Duplicate images are costing Australian local governments and cultural institutions thousands of dollars each year in redundant storage, repeated licencing fees and staff hours spent manually sorting through bloated digital archives. For a regional city like Ballarat, where every capital dollar is already stretched across competing priorities — from Ballarat Health Services expansion to Sovereign Hill's ongoing grant-funded restoration work — the inefficiency has real consequences.
The trigger for renewed attention is a broader shift in how public-sector IT departments are auditing their digital asset holdings. Across Victoria, councils undertaking digital transformation reviews in 2025 and 2026 have found that duplicate or near-duplicate image files routinely account for between 20 and 35 per cent of total file storage in document management systems, according to findings published by the Victorian Auditor-General's Office in its 2024-25 digital infrastructure review cycle. That is storage capacity being paid for twice, three times, or more.

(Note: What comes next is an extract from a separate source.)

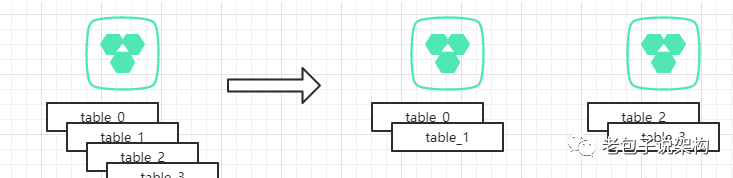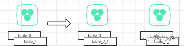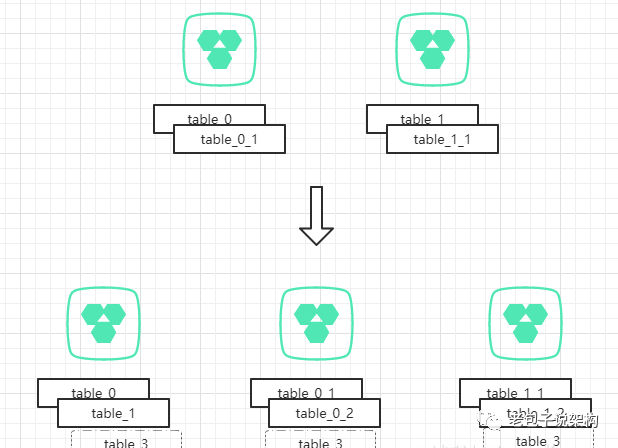 模式2与模式1有类似之处,在扩展阶段,还是选择整表迁移的方式,为了简化说明,此处使用两个分表来做说明。
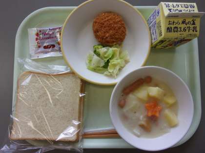 今日の給食は、牛乳、パン、イチゴジャム、メンチカツ、サラダ、シチューでした。

What the Numbers Actually Look Like on the Ground
The City of Ballarat manages digital records across multiple departments including planning, heritage, communications and tourism. Cloud storage costs for Victorian local governments of comparable size typically run between $80,000 and $150,000 annually depending on data volume and service tier, based on publicly available Local Government Victoria procurement guidance. If duplicate image files represent even a quarter of that stored data, the redundant spend runs into tens of thousands of dollars per year — money that could fund a community grants round or contribute to the Bridge Mall precinct streetscape renewal that ratepayers have been pushing for.
The problem is compounded at heritage organisations. Sovereign Hill on Bradshaw Street, which draws on a combination of ticket revenue, Tourism Victoria grants and federal arts funding, maintains an extensive photographic archive spanning decades of costumed interpretive programming. Archives of that kind — with images taken at recurring seasonal events, multiple staff photographing the same demonstrations — are particularly vulnerable to duplication. Industry benchmarks from the Digital Preservation Coalition suggest heritage institutions can accumulate duplicate image rates as high as 40 per cent in unmanaged collections.
The Art Gallery of Ballarat on Lydiard Street North faces similar pressures. Acquisitions documentation, exhibition photography and loan records generate large volumes of images, and without automated deduplication tools baked into collection management software, staff must identify and remove duplicates manually. At an average administrative labour cost of around $45 per hour — consistent with VPS Grade 3 equivalent rates — a single audit of a 10,000-image archive can represent 30 to 50 hours of staff time, or roughly $1,350 to $2,250 in labour alone, before any remediation work begins.
Tools, Policies and the Next Steps for Regional Organisations
Deduplication technology has matured considerably. Software tools using perceptual hashing — a method that identifies visually similar images even when file names differ — can now process tens of thousands of images in hours rather than days. Licensing for mid-tier platforms typically runs between $2,000 and $8,000 annually for an organisation of 50 to 200 staff, a cost that most analysts say pays for itself within one to two budget cycles when set against storage savings and reduced manual labour.
For Ballarat's public organisations, the practical path forward involves three steps: a baseline audit to establish what proportion of existing image holdings are duplicates, a decision on whether automated or manual deduplication is appropriate given collection sensitivity, and a policy update to prevent the problem from rebuilding. Heritage collections in particular require careful handling — an image that appears identical may carry different metadata, provenance notes or rights clearances, making automated deletion risky without human review built into the workflow.
The City of Ballarat's digital transformation program, flagged in its 2024-2028 Council Plan, provides an existing policy vehicle for this kind of reform. Organisations waiting for a dedicated grant or external funding push are likely to wait longer than the savings justify. The data argues for acting now.